Base Layers And Functionality Escape Velocity

2019 Dec 26 See all posts


Base Layers And Functionality Escape Velocity

One common strand of thinking in blockchain land goes as follows: blockchains should be maximally simple, because they are a piece of infrastructure that is difficult to change and would lead to great harms if it breaks, and more complex functionality should be built on top, in the form of layer 2 protocols: state channels, Plasma, rollup, and so forth. Layer 2 should be the site of ongoing innovation, layer 1 should be the site of stability and maintenance, with large changes only in emergencies (eg. a one-time set of serious breaking changes to prevent the base protocol's cryptography from falling to quantum computers would be okay).

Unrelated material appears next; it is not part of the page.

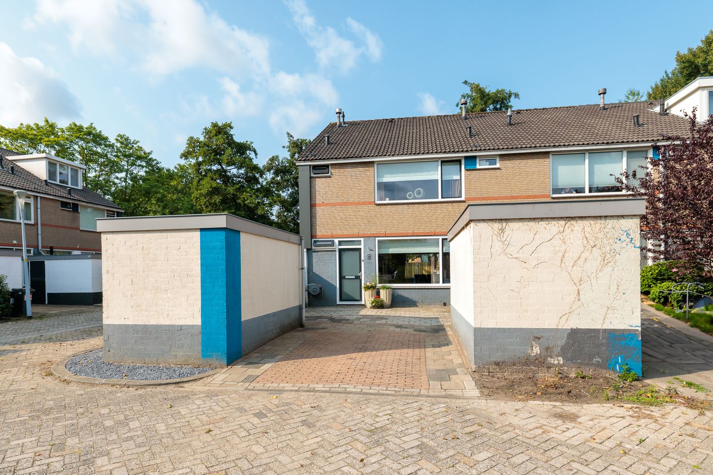 Buiten: er is een voortuin met een parkeerplaats op eigen terrein en een aangebouwde stenen (fietsen)berging. De achtertuin op het zuidwesten is voorzien van een terras, gras, een nieuwe schutting en achterom. Achter de tuin ligt een park met diverse speeltuintjes.

This kind of layer separation is a very nice idea, and in the long term I strongly support this idea. However, this kind of thinking misses an important point: while layer 1 cannot be too powerful, as greater power implies greater complexity and hence greater brittleness, layer 1 must also be powerful enough for the layer 2 protocols-on-top that people want to build to actually be possible in the first place. Once a layer 1 protocol has achieved a certain level of functionality, which I will term "functionality escape velocity", then yes, you can do everything else on top without further changing the base. But if layer 1 is not powerful enough, then you can talk about filling in the gap with layer 2 systems, but the reality is that there is no way to actually build those systems, without reintroducing a whole set of trust assumptions that the layer 1 was trying to get away from. This post will talk about some of what this minimal functionality that constitutes "functionality escape velocity" is.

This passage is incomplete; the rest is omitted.